El asedio español, el intento por asesinarlo llegando a envenenarlo con ácido y sus terribles consecuencias en su ya maltrecha salud. Y un hombre que aún así, dice: yo no sé odiar; y se hecha sobre sus hombros, para bien o para mal, un país entero; y se convierte así, en Apóstol de la independencia de Cuba. Y se convierte también, para bien o para mal, en casi dios viviente para los cubanos de "Cayo Hueso", Tampa y New York. Incluso su envenenador, a quien Pepe perdonó, partiría a los campos de batalla.


En medio de todo eso, creo que el amor incondicional de Carmita Miyares, su amante, y de su hija María, fueron un poco, su única cura. Si Martí hubiese podido aceptar un poco más a Carmen Zayas Bazán, como esta era desde que la conoció, quizás hubiese sido un poco más feliz. Martí, amó a Carmen y le fue infiel. Creo que al final, Martí también amó a Carmita. Pagaron por sus errores y fueron también, víctimas de su tiempo.

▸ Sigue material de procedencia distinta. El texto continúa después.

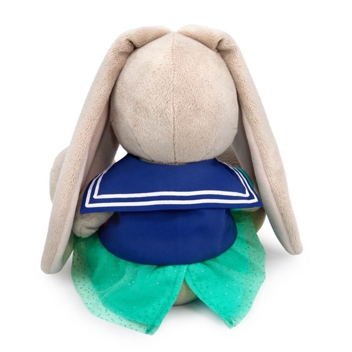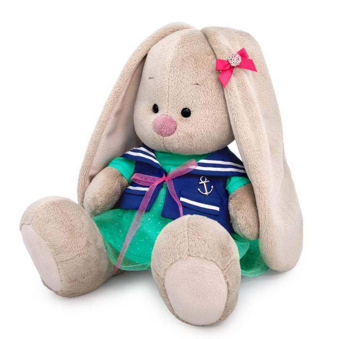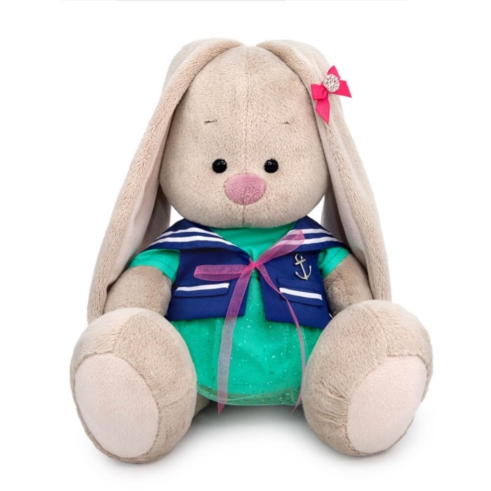 - На зайке платье благородного бермудского цвета из плотной ткани с нашитой от талии бирюзовой сеточкой и жилет из костюмной ткани ослепительного синего цвета с отложным морским воротником. Жилетик завязывается на капроновую сиреневую ленту и украшен серебристым якорем. На ушке розовый бант из репсовой ленты с шикарной брошью, усыпанной стразами.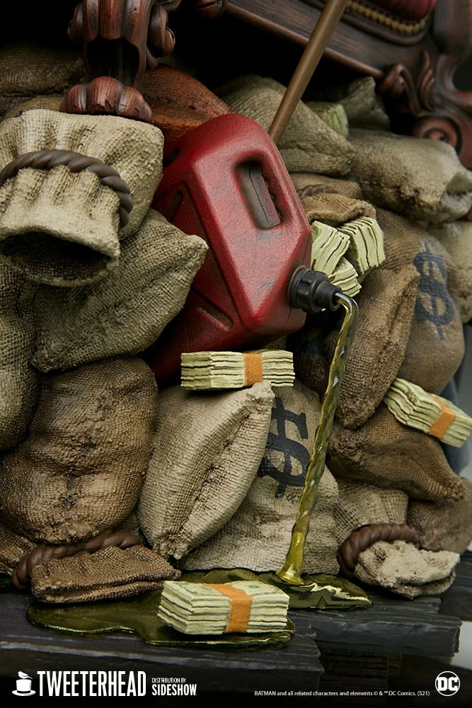 The Joker Deluxe Maquette measures close to 20.5” tall when fully assembled – from the bottom of base to the tippy top of the Batman’s cowl on the chair. This fully sculpted polyresin statue comes crammed with a bunch of craziness – The Joker sitting atop his personalized throne with a Bat-cowl and cape, armed with his cane and bladed shoe. All nested on a giant pile of money bags, gasoline tanks, bombs, and endless knick-knacks and easter eggs, you’ll probably never stop finding something new to love in this DC Comics collectible piece.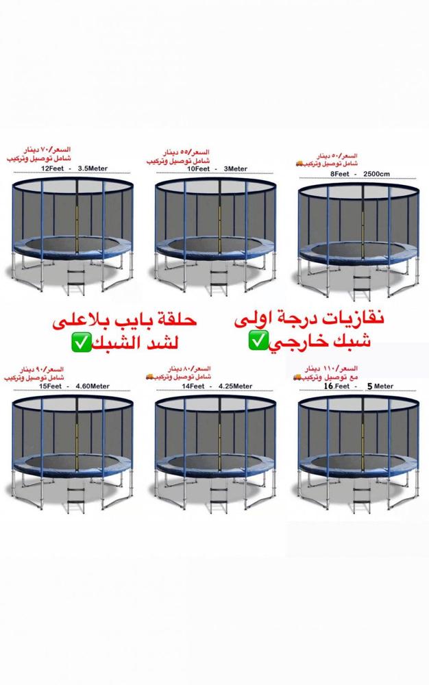 نقازيات🤹🏻درجة اولى شبك خارجي✅ اطار معدني بلاعلى لشد الشبك✅ سلم+ ربل فوق السبرنق متر ونص /25 kd ٢ متر ونص السعر/ 50 kd ٣ متر السعر/55 kd ٣،٦٦ متر السعر/ 70 kd ٤،٠٥ متر السعر /80 kd ٤،٥٠ متر السعر/90 kd ٥ متر السعر/110 kd الاسعار شامل توصيل وتركيب🚚 الاتصال او وات ساب/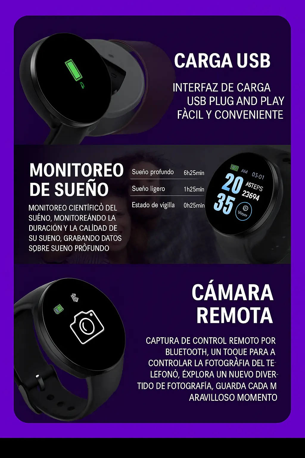 Monitoreo de frecuencia cardíaca, pasos, calorías y calidad del sueño para que cuides tu bienestar las 24 horas.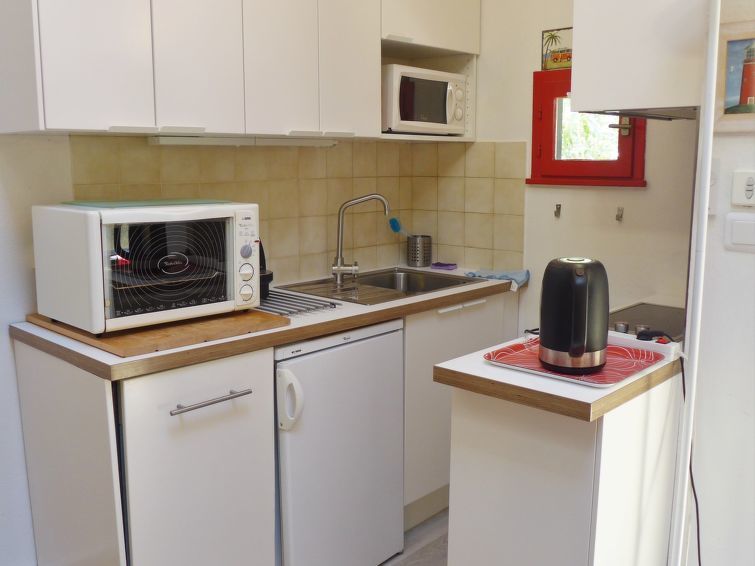 Huis in een rij 2-kamers 33 m2 op 2 verdiepingen. Woon-/eetkamer met 1 divanbed (120 cm, lengte 190 cm), TV en Flatscreen TV. Kookhoek (oven, afwasmachine, 2 keramische glas kookplaten, magnetron, elektrische koffiemachine, pads voor de koffiemachine (Nespresso) extra). Badkamer, aparte WC. Bovenverdieping: 1 kamer met 1 2-pers bed (1 x 140 cm, lengte 190 cm). 1 kamer met 1 bed (90 cm, lengte 190 cm). Elektrische verwarming. Terras 13 m2, op het oosten gelegen, zithoek in de tuin. Terrasmeubelen, barbecue. Ter beschikking: wasmachine, strijkijzer, haardroger. Internet (WiFi, extra). Parkeerplaats nr. 315. Niet rokers woning. Rookmelders. In plaats van een afgesloten slaapkamer bevinden sommige slaapgedeeltes zich in een open ruimte (galerij, nis, etc.).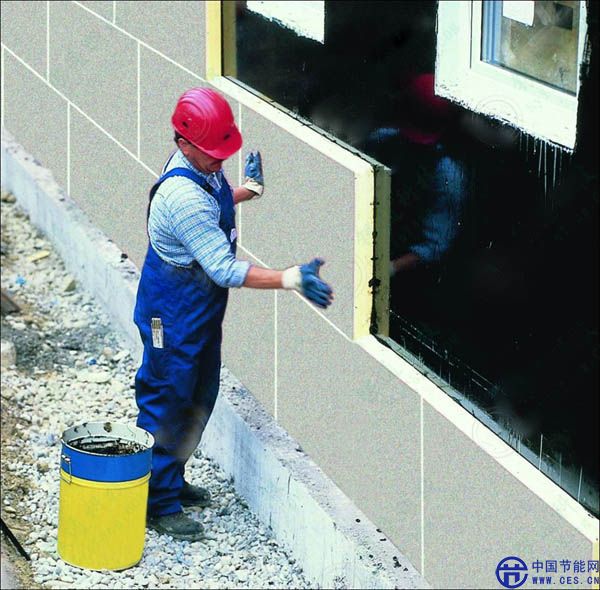 2.將涂抹好膠粘劑的保溫板緊密地粘貼在墻面上(或插入托架),在粘貼下一塊保溫板時,應(yīng)將這塊板從側(cè)面推壓向前一塊板,并保證保溫板與保溫板之間的接縫被壓緊。在墻角托架處,玻璃纖維網(wǎng)格布應(yīng)延伸至托架的底邊邊緣,多余部分用刀切除。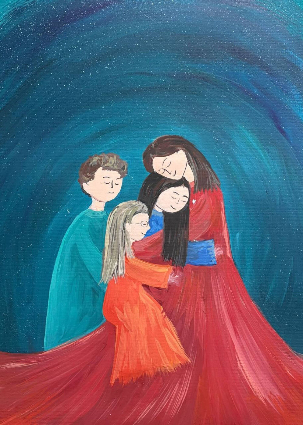 В нашей семье трое детей. Я, мой брат и сестра. Эта картина символизирует наши взаимоотношения с мамой. Ведь материнская любовь-это тепло, забота, обнимашки, когда мама рядом, поддержка, помощь, принятие, совместность и много всего еще.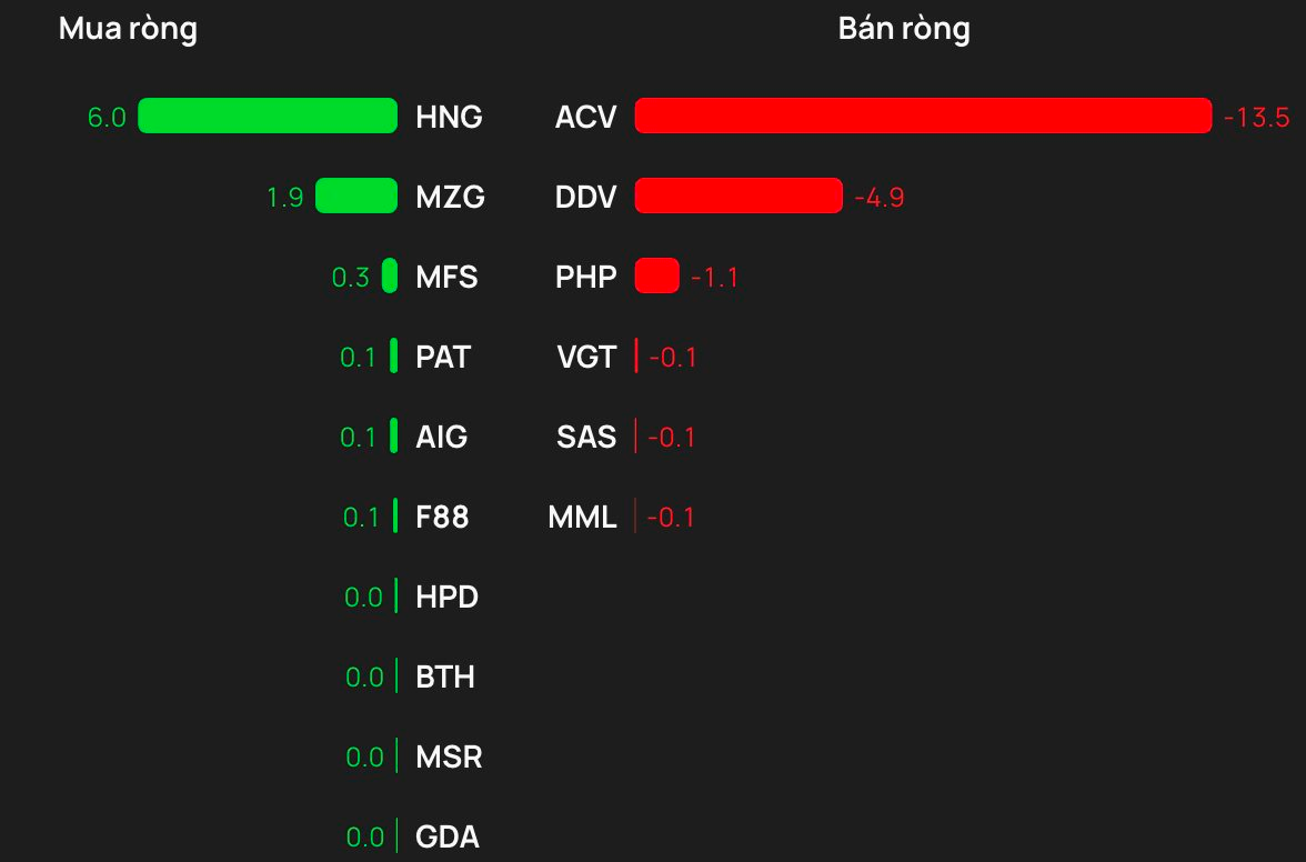 Ở chiều mua, HNG là mã được gom ròng mạnh nhất khoảng 6 tỷ. MZG cũng được mua ròng 2 tỷ đồng. Các mã khác như MFS, PAT, AIG cũng được mua ròng nhẹ.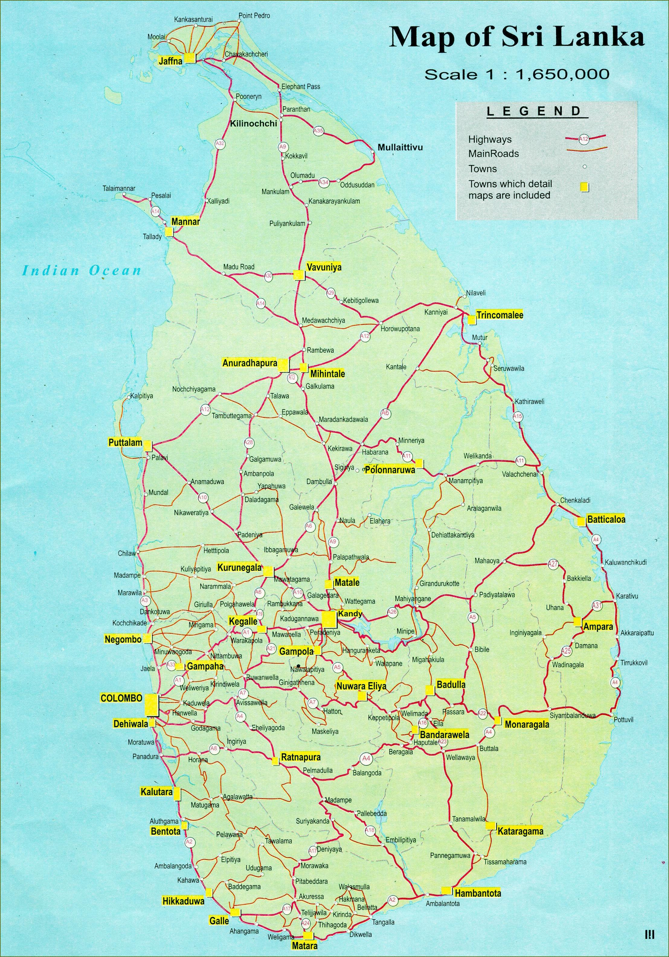 Šri Lanka greitkelių, kelių žemėlapis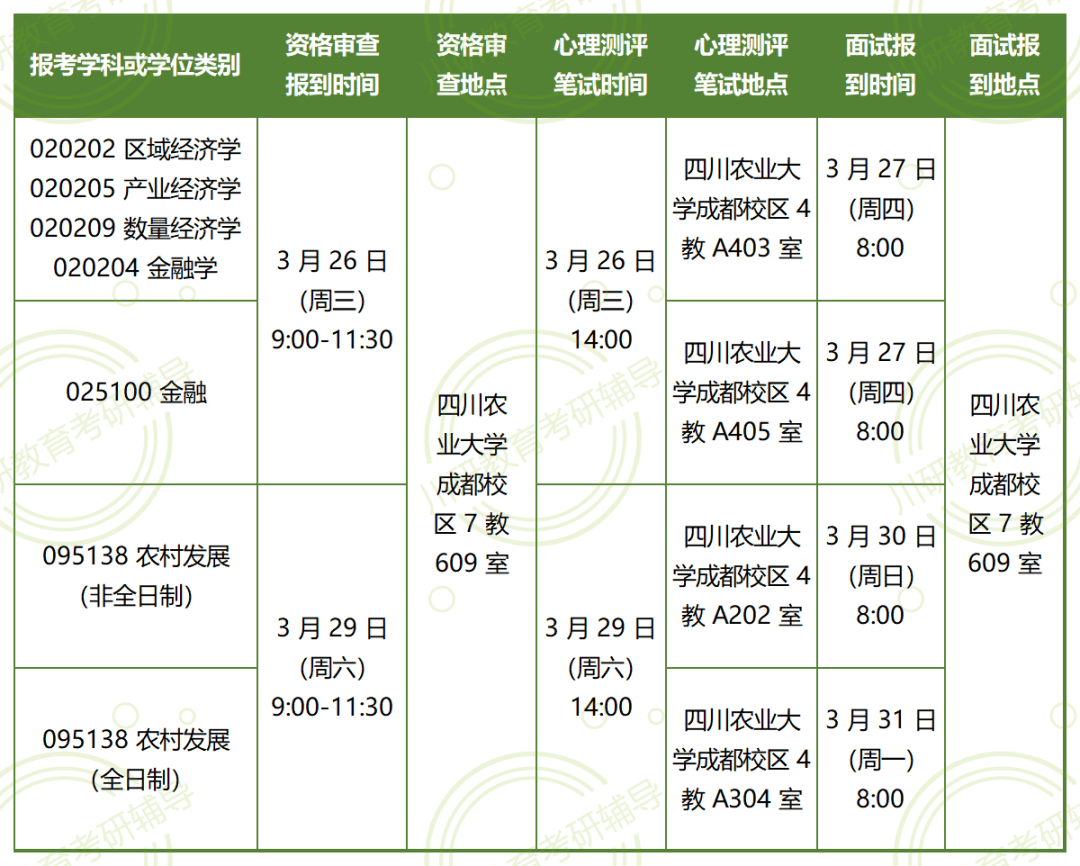 以同等学力参加复试的考生,须于3月29日(周六)上午8:00 在四川农业大学成都校区7教609室参加加试。加试采用闭卷考试 方式进行,每门满分为100分、时间120分钟。

Volviendo a la obra, esta trata con justicia también, el dolor y las figuras que por lo general se olvidan, del señor Mantilla y su esposa Carmen Miyares. Mantilla, doblemente traicionado. A veces creo que este, al final, tuvo que haberlo sabido, y terminó aceptándolo.


Carmen Miyares. Hay que “limpiar” ese nombre. A pesar de sus errores, fue una mujer tremenda, que amó como nadie a pepe; enfrentó la vida codo a codo primero junto a este, y luego, sola con tres hijos.


La interpretación de Martí por parte de Caleb es lo nunca visto; una cosa impresionante y no exagero. Es una lucha en tu mente, durante el primer minuto, con el físico del actor, que para nada se asemeja al de pepe; pero enseguida uno se rinde. Y puesto que es de Martí de quien hablamos, pues se entenderá que no hablamos de poca cosa, y sí mucho el mérito del actor.

Porque la obra va de todo esto y más, me ha extrañado que no haya trascendido más la obra; o quizás, precisamente por ello, es por lo que no haya trascendido más.


Uno se pregunta viendo la obra, si acaso Martí no se habrá inventado una Cuba que era solo posible en su mente.


Y la pregunta que queda flotando en el aire, al finalizar, cuando en un largo silencio “Martí" increpa con su mirada a los cubanos; esa es la pregunta: de qué han servido el ejemplo y el sacrificio de su vida?